_EXERCISE INPUT:_
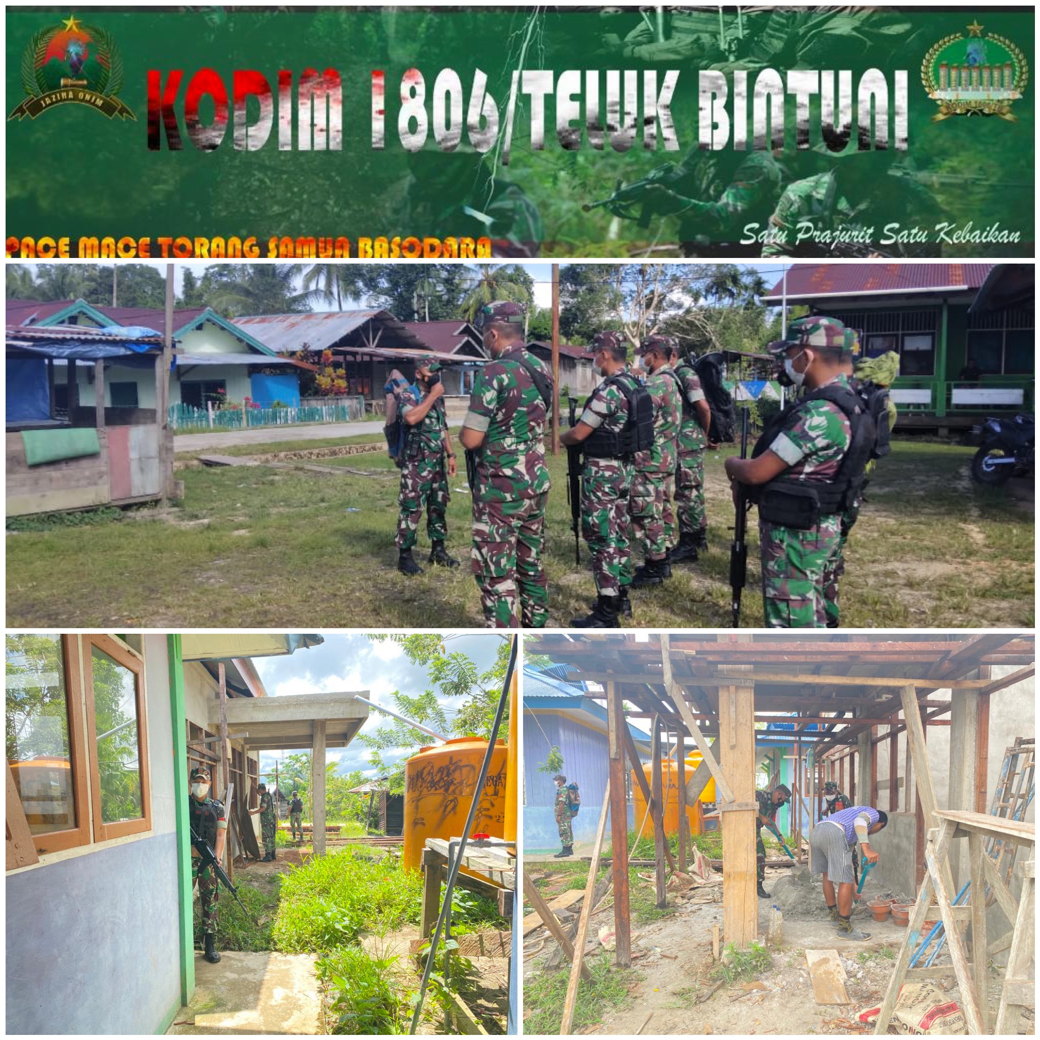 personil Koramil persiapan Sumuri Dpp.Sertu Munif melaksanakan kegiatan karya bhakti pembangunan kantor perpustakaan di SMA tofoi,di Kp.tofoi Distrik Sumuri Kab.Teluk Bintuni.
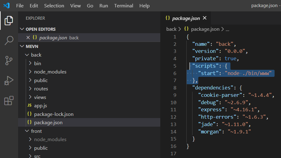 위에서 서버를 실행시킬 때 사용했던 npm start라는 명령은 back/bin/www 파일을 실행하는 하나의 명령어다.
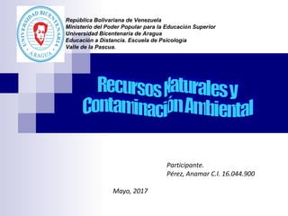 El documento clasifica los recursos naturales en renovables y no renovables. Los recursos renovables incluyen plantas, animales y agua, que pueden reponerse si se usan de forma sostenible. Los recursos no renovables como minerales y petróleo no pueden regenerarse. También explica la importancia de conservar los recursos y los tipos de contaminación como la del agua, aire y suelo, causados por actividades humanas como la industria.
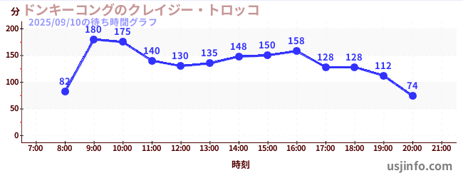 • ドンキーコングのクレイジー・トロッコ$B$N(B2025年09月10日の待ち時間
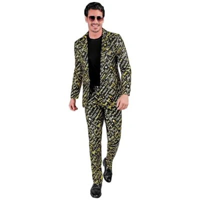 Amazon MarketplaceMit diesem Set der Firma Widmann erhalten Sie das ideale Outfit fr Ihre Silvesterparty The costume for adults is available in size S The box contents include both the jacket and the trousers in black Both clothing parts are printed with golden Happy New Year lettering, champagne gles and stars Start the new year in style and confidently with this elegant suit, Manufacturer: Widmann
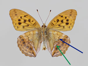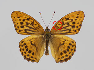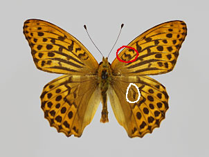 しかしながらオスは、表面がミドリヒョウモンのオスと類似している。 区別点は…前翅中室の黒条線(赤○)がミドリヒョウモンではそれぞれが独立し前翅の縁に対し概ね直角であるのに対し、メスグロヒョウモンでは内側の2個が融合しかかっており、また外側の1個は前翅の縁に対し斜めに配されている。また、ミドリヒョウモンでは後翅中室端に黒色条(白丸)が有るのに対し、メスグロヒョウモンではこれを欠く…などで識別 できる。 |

_EXERCISE BRIEF:_
What you give back should be exactly the lines from the top of the data above down to and including the line with "위에서 서버를 실행시킬", minus any pictures.

_EXPECTED OUTPUT:_
 personil Koramil persiapan Sumuri Dpp.Sertu Munif melaksanakan kegiatan karya bhakti pembangunan kantor perpustakaan di SMA tofoi,di Kp.tofoi Distrik Sumuri Kab.Teluk Bintuni.
 위에서 서버를 실행시킬 때 사용했던 npm start라는 명령은 back/bin/www 파일을 실행하는 하나의 명령어다.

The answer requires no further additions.